§ **EXERCISE BRIEF**:
Give back each line of the data exactly as it reads, minus the pictures.

########

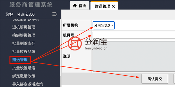 1、机具管理-->>赠送管理(单个机具赠送)-->>选择所属机构-->>填写机具号-->>点击确认提交
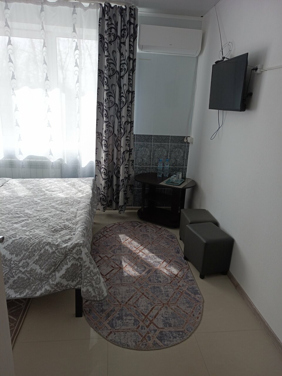 Двуспальная кровать. Санузел: душевая кабина, раковина, унитаз В номере: вся необходимая мебель, телевизор, кондиционер, холодильник
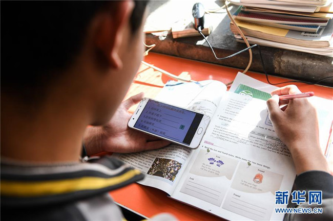 內(nèi)蒙古準(zhǔn)格爾旗龍口鎮(zhèn)紅樹(shù)梁村的初一學(xué)生劉進(jìn)才在家中上網(wǎng)課(3月10日攝)。新華社記者 劉磊 攝
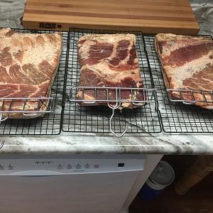 Got a belly from my Grandson, SO I MADE BACON , steps & q-view galore
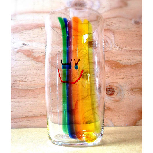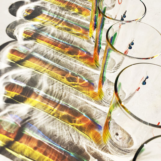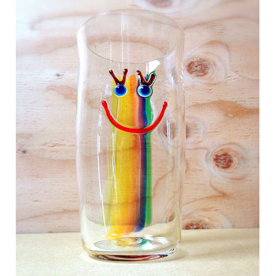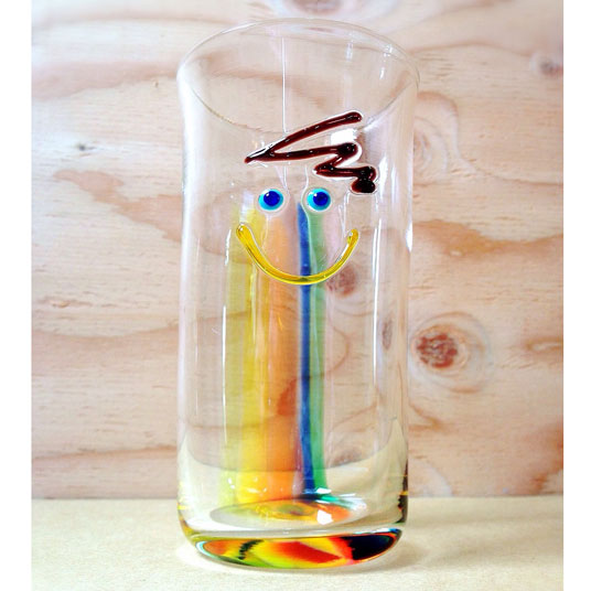 宙(ちゅう)吹きガラス技法にしかできない優しい表情を大切に、家族、笑顔、平和、自然などをテーマにした作品を作っています。「お客様の暮らしが少しでも楽しく豊かになれば嬉しいな」という思いで制作しています。すべて手作りの一点ものです。大切に末永く使っていただけるように、グラスであれば口当たりの薄さや角度にこだわりるなど、ひとつひとつ丁寧に仕上げています。
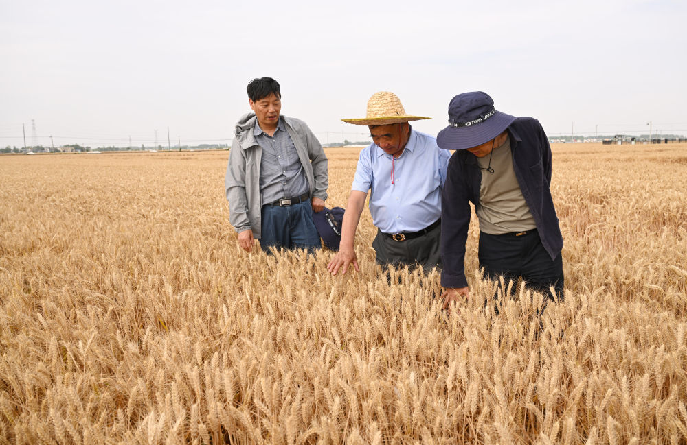 2024年5月29日,在太和县淙祥现代农业种植专业合作社,徐淙祥(中)和农技专家一起为试验麦种测产。

########

§ **SOLUTION**:
 1、机具管理-->>赠送管理(单个机具赠送)-->>选择所属机构-->>填写机具号-->>点击确认提交
 Двуспальная кровать. Санузел: душевая кабина, раковина, унитаз В номере: вся необходимая мебель, телевизор, кондиционер, холодильник
 內(nèi)蒙古準(zhǔn)格爾旗龍口鎮(zhèn)紅樹(shù)梁村的初一學(xué)生劉進(jìn)才在家中上網(wǎng)課(3月10日攝)。新華社記者 劉磊 攝
 Got a belly from my Grandson, SO I MADE BACON , steps & q-view galore
 宙(ちゅう)吹きガラス技法にしかできない優しい表情を大切に、家族、笑顔、平和、自然などをテーマにした作品を作っています。「お客様の暮らしが少しでも楽しく豊かになれば嬉しいな」という思いで制作しています。すべて手作りの一点ものです。大切に末永く使っていただけるように、グラスであれば口当たりの薄さや角度にこだわりるなど、ひとつひとつ丁寧に仕上げています。
 2024年5月29日,在太和县淙祥现代农业种植专业合作社,徐淙祥(中)和农技专家一起为试验麦种测产。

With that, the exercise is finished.